TLDR: Real-DRL is a new framework for safety-critical autonomous systems that enables deep reinforcement learning (DRL) agents to learn safe and high-performance action policies directly in real physical environments. It addresses challenges like ‘unknown unknowns’ and the ‘Sim2Real gap’ through three interactive components: a DRL-Student for dual self-learning and teaching-to-learn, a PHY-Teacher for physics-model-based safety assurance and teaching, and a Trigger to manage their interaction. The framework ensures assured safety, automatic hierarchy learning (safety-first then performance), and uses safety-informed batch sampling to handle rare safety-critical scenarios.
Deep reinforcement learning (DRL) has shown incredible potential in autonomous systems, from self-driving cars to advanced robotics. However, a major hurdle remains: guaranteeing safety in real-world applications. Traditional DRL often struggles with unpredictable situations, known as ‘unknown unknowns,’ and the ‘Sim2Real gap,’ which is the performance drop when a system trained in a simulator is deployed in the real world. These challenges can lead to critical safety incidents.
A new framework called Real-DRL aims to tackle these issues head-on. Introduced in the paper Real-DRL: Teach and Learn in Reality, this system is designed for safety-critical autonomous systems, allowing a DRL agent to learn and develop safe, high-performance action policies directly in real physical environments, all while prioritizing safety above all else.

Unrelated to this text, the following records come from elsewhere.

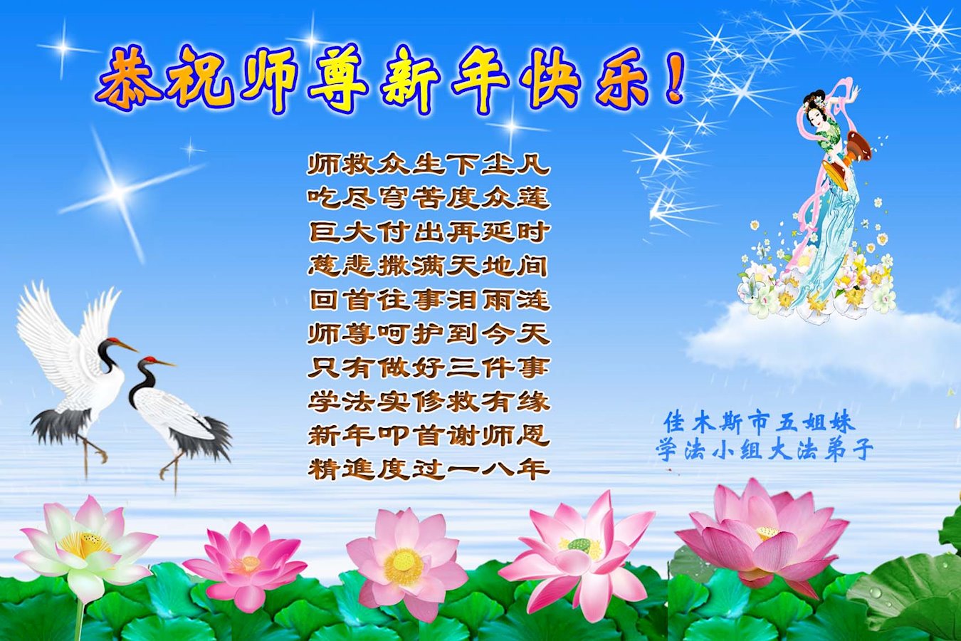 黑龍江省佳木斯五姐妹學法小組大法弟子遙祝師父新年快樂!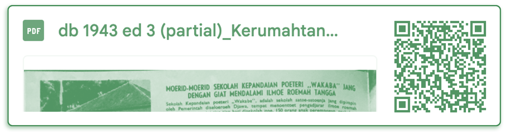 Wakaba was a women’s school managed by the government to learn about home economics such as ikebana, ceremonies, room decoration, homemaking, etc. Source: Djawa Baroe, 3rd Edition, year 2603 (1943).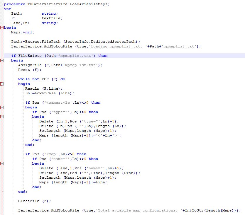 I looked this mpmaplist loading part (HD2ServerService.pas).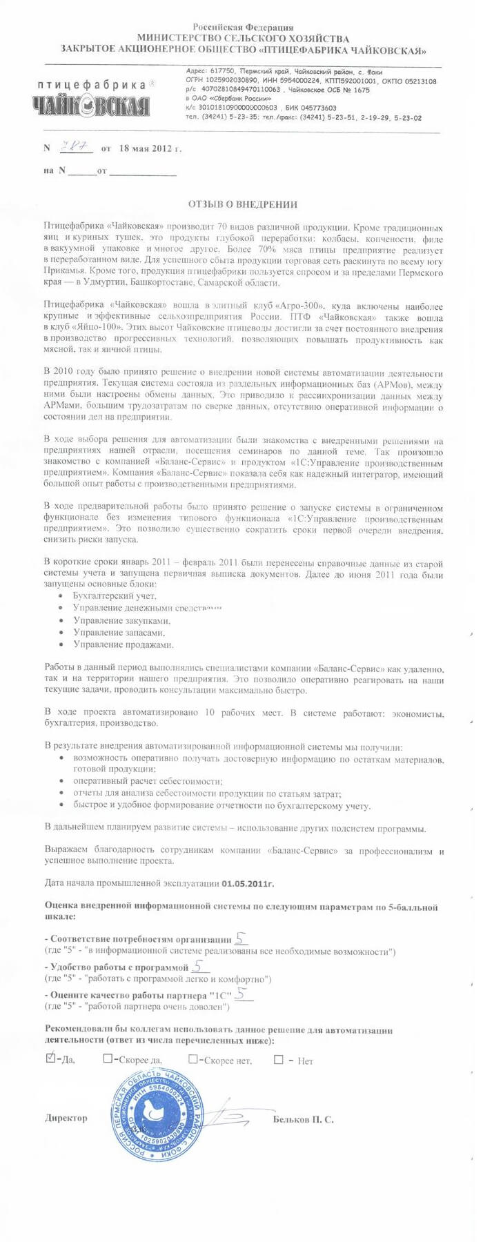 В ходе выбора решения для автоматизации были знакомства с внедренными решениями на предприятиях этой же отрасли, посещения семинаров по данной теме. Так произошло знакомство с компанией «Баланс-Сервис» и продуктом «1С:УПП 8». Компания «Баланс-Сервис» показала себя как надежный интегратор, имеющий большой опыт работы с производственными предприятиями.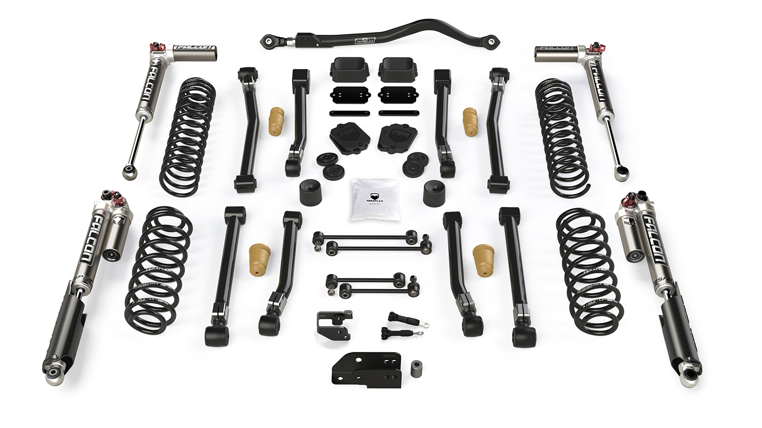 Does not include shocks. We recommend Falcon SP2 Mode Adjust Performance Shocks. Falcon shock absorbers and TeraFlex lift coil springs have been engineered together to improve both compression and rebound for optimal vehicle stability. Alpine CT Suspension Systems are offered with a choice of Falcon SP2 3.3 Fast Adjust Piggyback Shocks, Falcon SP2 3.1 Piggyback Shocks, or without shock absorbers.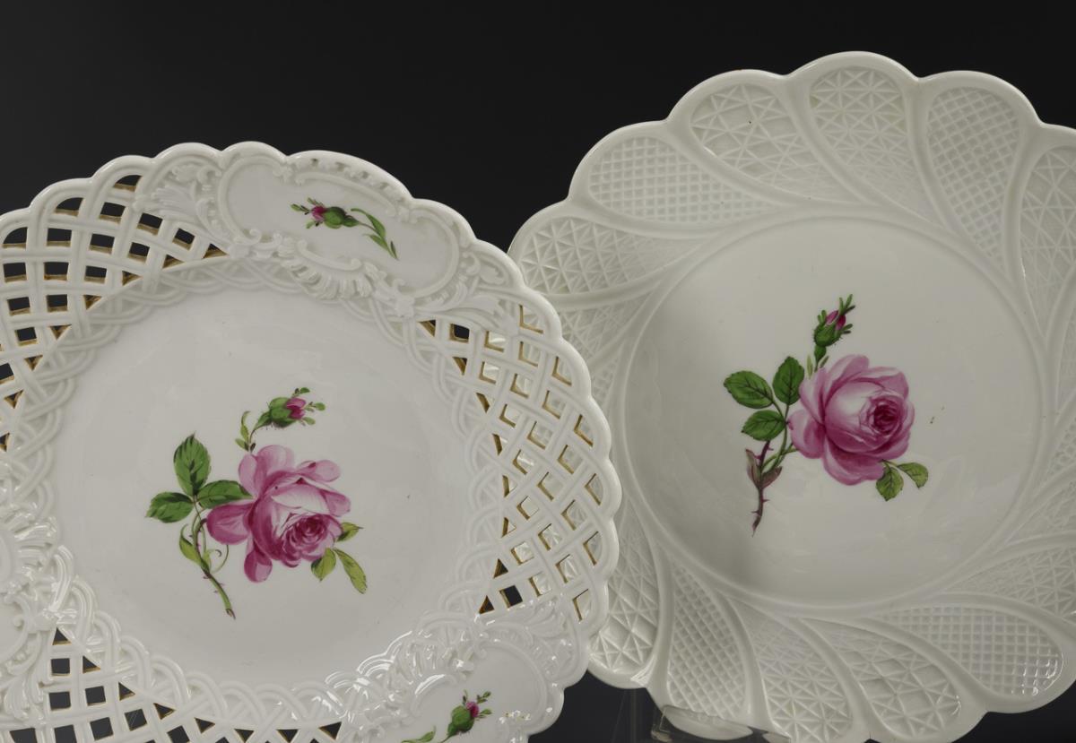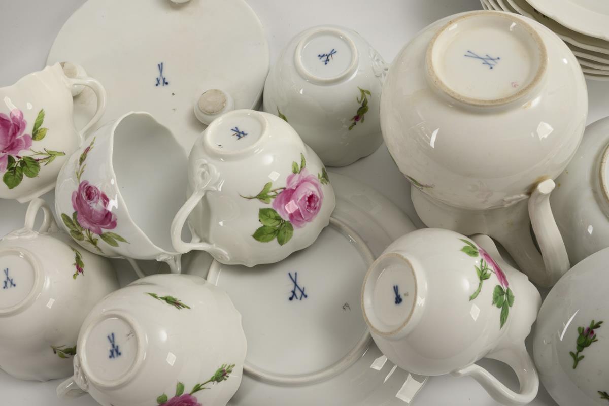 40 Teile. Form "Neuer Ausschnitt". 2 Teekannen (H 11,5 und 13 cm), 2 Kaffeekannen (H 21 und 24,5 cm), 2 Milchkännchen (H 9 und 13,5 cm), Zuckerdose, 7 Kaffeetassen, 15 Untertassen, 8 Kuchenteller, 1 Durchbruchteller (Ø 28,5 cm), 1 Fächerplatte (Ø 28,5 cm) und 1 Untersetzer. Rosenknäufe bestoßen, 1 Deckelnase fehlt, minimale Bestoßung an der Schneppe einer Kaffeekanne, Bestoßung am Deckelrand der Zuckerdose und an 1 Untertassenrand.

How Real-DRL Works: Three Interactive Components
The Real-DRL framework is built around three key interactive components:
-
DRL-Student: This is the core DRL agent that learns. It employs a unique dual learning approach: it learns from its own experiences (self-learning) and also from a ‘teacher’ (teaching-to-learn). Crucially, it uses a ‘safety-informed batch sampling’ method to ensure it learns effectively from rare but critical safety-related situations, known as ‘corner cases,’ which often cause experience imbalances in learning.
-
PHY-Teacher: This component is a physics-model-based design focused purely on safety. Its main roles are to guide the DRL-Student in learning safe actions and to act as a safety backup for the real physical system. The PHY-Teacher is innovative in its ability to adapt in real-time to unknown unknowns and the Sim2Real gap, ensuring the system remains safe even in unforeseen circumstances.
-
Trigger: This component acts as the manager, monitoring the real-time safety status of the physical system. It decides when the DRL-Student is in control and when the PHY-Teacher needs to step in to ensure safety or to teach the student about safe operations. If the system approaches a safety boundary, the Trigger activates the PHY-Teacher.
Key Features and Benefits
Powered by these interactive components, Real-DRL offers several notable features:
-
Assured Safety: It directly addresses the challenges of unknown unknowns and the Sim2Real gap, providing a strong guarantee of safety.
-
Automatic Hierarchy Learning: The system naturally learns in a hierarchical manner, prioritizing safety first, and then focusing on achieving high performance.
-
Safety-Informed Batch Sampling: This mechanism helps the DRL-Student learn more effectively from critical, rare safety scenarios, preventing an imbalance in its learning experience.
Also Read:
- Optimizing Complex Cyber-Physical Systems with Logic-Informed Reinforcement Learning
- BOOM: A New AI Framework for Stable and High-Performance Reinforcement Learning
Real-World Validation
The effectiveness and unique features of Real-DRL have been demonstrated through extensive experiments. These include tests on a real quadruped robot in an indoor environment, a quadruped robot in a simulated wild environment (NVIDIA Isaac Gym), and a cart-pole system for detailed studies. The experiments showed Real-DRL’s ability to maintain safety even when faced with various unknown disturbances like sudden payloads, kicks, and denial-of-service faults, outperforming existing safe DRL and fault-tolerant DRL frameworks.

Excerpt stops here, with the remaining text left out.